Guardian Unlimited: Arts blog - books: Don’t lose sight of book designers
Whether you’re prepared to admit it or not, we all judge books by their covers. As Oscar Wilde said, “It is only shallow people who do not judge by appearances. The true mystery of the world is the visible, not the invisible.”

Here! Here!

Make room on the sofa….

 Richard and Judy. Tesco’s has a Book Club.

Tesco Book Club - Tesco.com
Innocent Traitor Our first ever Book Club selection is Innocent Traitor by Alison Weir – available now in store and online.

As a Book Club title, each month’s selection will have some fantastic bonus content in the book and even more great material will be available exclusively on this site. This month’s extras include a Q and A with Alison Weir plus details on our July selection so please bookmark www.tesco.com/bookclub to avoid missing out!

The world and his wife now has a Book Club so what makes Tesco’s one different? The only thing that I can think of is the amount of eyes that are going to fall upon that Month’s Selected Title, which will greatly increasing the chances of that title selling trolley loads.

This month’s selection is Innocent Traitor by Alison Weir. Somewhat surprisingly it’s a debut novel - though the author is not a complete unknown - she has written historical non-fiction previously and seemingly quite successfully - on Amazon she’s described as ‘our pre-eminent popular historian’. That’s told me.
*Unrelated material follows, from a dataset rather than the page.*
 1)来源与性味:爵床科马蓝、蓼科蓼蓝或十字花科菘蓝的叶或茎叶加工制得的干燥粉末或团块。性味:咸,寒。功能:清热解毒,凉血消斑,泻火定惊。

Innocent Traitor really doesn’t sound like my cup of tea:

Lady Jane Grey was born into times of extreme danger. Child of a scheming father and a ruthless mother, for whom she was merely a pawn in a dynastic power game with the highest stakes, she lived a live in thrall to political machinations and lethal religious fervour. Jane’s astonishing and essentially tragic story was played out during one of the most momentous periods of English history. As a great-niece of Henry VIII, and the cousin of Edward VI, Mary I and Elizabeth I, she grew up realize that she could never throw off the chains of her destiny. Her honesty, intelligence and strength of character carry the reader through all the vicious twists of Tudor power politics, to her nine-day reign and its unbearably poignant conclusion.
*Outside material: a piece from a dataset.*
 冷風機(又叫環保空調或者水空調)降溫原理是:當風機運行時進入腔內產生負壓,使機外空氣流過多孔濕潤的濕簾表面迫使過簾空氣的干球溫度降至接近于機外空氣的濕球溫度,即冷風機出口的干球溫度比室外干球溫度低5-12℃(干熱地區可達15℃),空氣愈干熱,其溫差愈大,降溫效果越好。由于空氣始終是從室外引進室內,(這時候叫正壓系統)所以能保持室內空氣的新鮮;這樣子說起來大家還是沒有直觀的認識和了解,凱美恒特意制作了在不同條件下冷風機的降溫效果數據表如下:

I have a feeling that the people that love her historical non-fiction are going to enjoy her re-telling of this story.

Next month’s selection BTW is also a by female writer in the guise of Kate Atkinson’s follow-up to Case Histories, One Good Turn. I’ll have to read Case Histories first.
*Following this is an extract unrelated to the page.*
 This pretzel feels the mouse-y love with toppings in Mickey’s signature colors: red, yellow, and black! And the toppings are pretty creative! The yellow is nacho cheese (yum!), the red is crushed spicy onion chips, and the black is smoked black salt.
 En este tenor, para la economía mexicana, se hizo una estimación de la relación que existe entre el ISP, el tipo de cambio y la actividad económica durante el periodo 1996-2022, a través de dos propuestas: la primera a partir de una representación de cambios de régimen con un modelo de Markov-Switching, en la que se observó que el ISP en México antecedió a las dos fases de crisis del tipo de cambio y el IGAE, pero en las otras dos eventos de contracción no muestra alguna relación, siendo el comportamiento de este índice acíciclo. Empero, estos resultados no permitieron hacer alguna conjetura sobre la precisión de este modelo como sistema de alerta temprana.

Is a book if it’s not made from paper?

There is a lot of ‘buzz’ about e-books and the revolution that it’s going to bring for both publishers and readers. I’m not convinced. Yes there are benefits. You can store hundreds of books on your computer and not have to worry about them taking up too much space. You can search the contents. You can buy a book and instantly read it.

The downsides are that you need power to read and some sort of electronic device to read from. You also can’t fold the corners down. You can’t scribble notes. You can’t show them off on book shelves. And for me the biggest thing is that they just don’t feel right. 

There are other problems – e-books aren’t tangible so you can’t put them on a shelf for someone to take down and buy. You can’t walk into a shop of e-books and browse. You have to click from one item to another and someone it doesn’t feel the same. You can’t spend ages choosing your 3 for 2 offer. And how do you put a value on an ebook? You never go out of print.

I can see one benefit of an e-book when it comes to textbooks when you’re only needing to focus on a specific chapter or section of information but again it’s sometimes easier t have it on your desk plastered with post-its and scribbles.

Give me a real book any day of the week.